Variant locations categorized by genic position (a CDS, b functional grouping, c introns, d IGSs)

Population structure and genetic diversity

To elucidate the matrilineal relationships among different H. citrina samples, we used several methods to resolve population structure and to calculate genetic diversity among different groups of samples. Based on the completed plastomes, we analysed the population structure using ADMIXTURE. At K = 2, H. citrina samples in the first genetic cluster were not well distinguished; at K = 5 (the best-supported partitioning, Fig. 4d), the H. citrina samples were better resolved, although with some level of cross-cluster assignments. Sample QD362 in the C1 genetic cluster was found to have minor assignments to the C3 and C4 clusters. All samples of the C3 genetic cluster were found to have low-level assignments from the C1 genetic cluster, and ZQ381 in the C5 genetic cluster was found to have assignments to the C1 genetic cluster. The results of the network analysis (Fig. 4b) support the 5-cluster arrangement of H. citrina plastome diversity resolved via ADMIXTURE. Among the five genetic clusters, the vast majority of H. citrina from Qidong, Hunan Province, were assigned to C5. The other four genetic clusters all contained samples from different geographic locations (Table S1). The ML tree shows that the C1 lineage most recently split from the outgroup Hemerocallis fulva (Fig. 3a). Seven samples were classified in the C1 genetic cluster: QD361, SQ311, JS391, ZZ387, CQ347, ZJ350, and QD362. Sample QD362 was assigned partially to genetic Clusters C3 and C4, totalling 38%. The C1 genetic cluster contained individuals from Shanxi, Zhejiang, Hunan, Jiangsu, and Chongqing provinces. Four samples were assigned to the C4 genetic cluster, and each contained some C5 assignment, accounting for less than 25%.

Fig. 4
figure 4

Population structure of H. citrina samples from China. a ML tree of 65 samples. b Haplotype network of H. citrina plastomes. Different colours represent different genetic clusters and correspond with the colour scheme throughout the figure. c PCA including Hemerocallis fulva (left) and excluding it (right).
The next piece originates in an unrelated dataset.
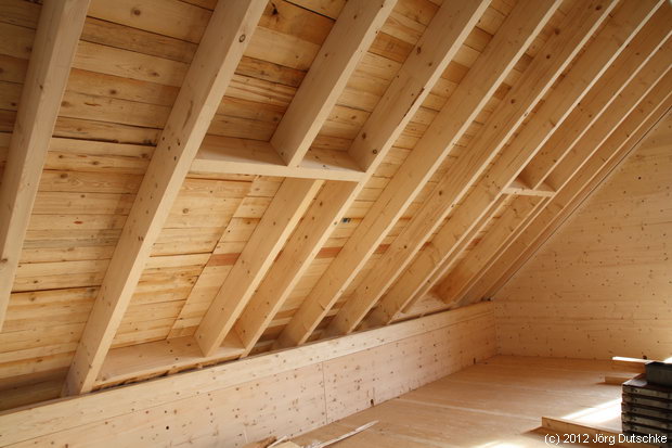 Am letzten Mittwoch wurde die grüne Dachfolie durch richtige Holzbretter ersetzt. Das Dach wurde sozusagen fast dicht. Seit dem verstärkt sich im Inneren des Hauses immer mehr der Holzgeruch. Er ist allgegenwärtig und absolut hinreißend. Ich vermute, dass ich erstmalig in meinem Leben einen Handwerkertraum haben werde, wenn ich mal in unserem Holz100-Haus nächtige.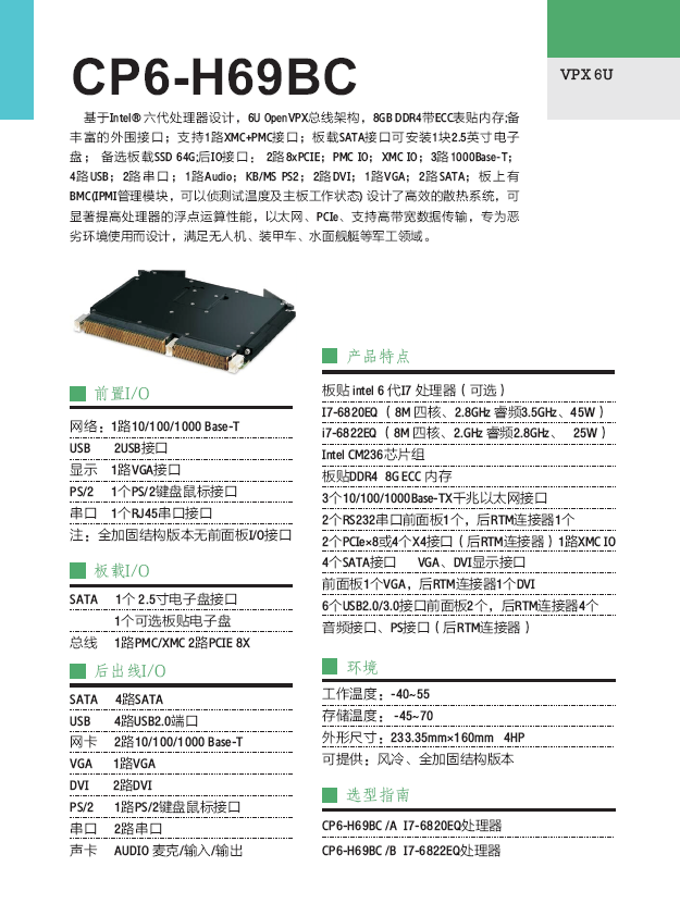 2个PCIe×8或4个X4接口(后RTM连接器)1路XMC IO

In both figures, the first three components are shown. d CV errors across a range of K values from 1 to 10 with the lowest CV error of 0.254 at K = 5. e Population structure bar plot at K = 2–5. K = 5, best matches the five major clusters of the phylogenetic analysis using the complete plastomes dataset

We also employed three additional methods to analyse the population structure of all the samples: an ML phylogenetic tree constructed based on the complete plastid genome, PCA, and a median-joining network analysis using a matrix without gaps, all of which were consistent with the results of the ADMIXTURE analysis (Fig. 4a−c, e). Based on the results from all of these analyses, the H. citrina samples were divided into five genetic clusters. The analysis of the geography of the samples in each cluster revealed that not all individuals from the same region were grouped into a single genetic cluster (Table S4), and there was no clear pattern in terms of geography, except for Cluster C5, which was mostly composed of samples from Qidong County, Hunan Province. The three samples from Zhejiang were divided into two genetic clusters, C1 and C4, while the individuals from Hunan were divided into five genetic clusters, but most of the individuals from Qidong, Hunan, were assigned to the C5 genetic cluster. Datong H. citrina from Shanxi was assigned to genetic Cluster C3 along with samples from Dali, Shaanxi, Qingyang, and Gansu (Fig. 4a−c, e).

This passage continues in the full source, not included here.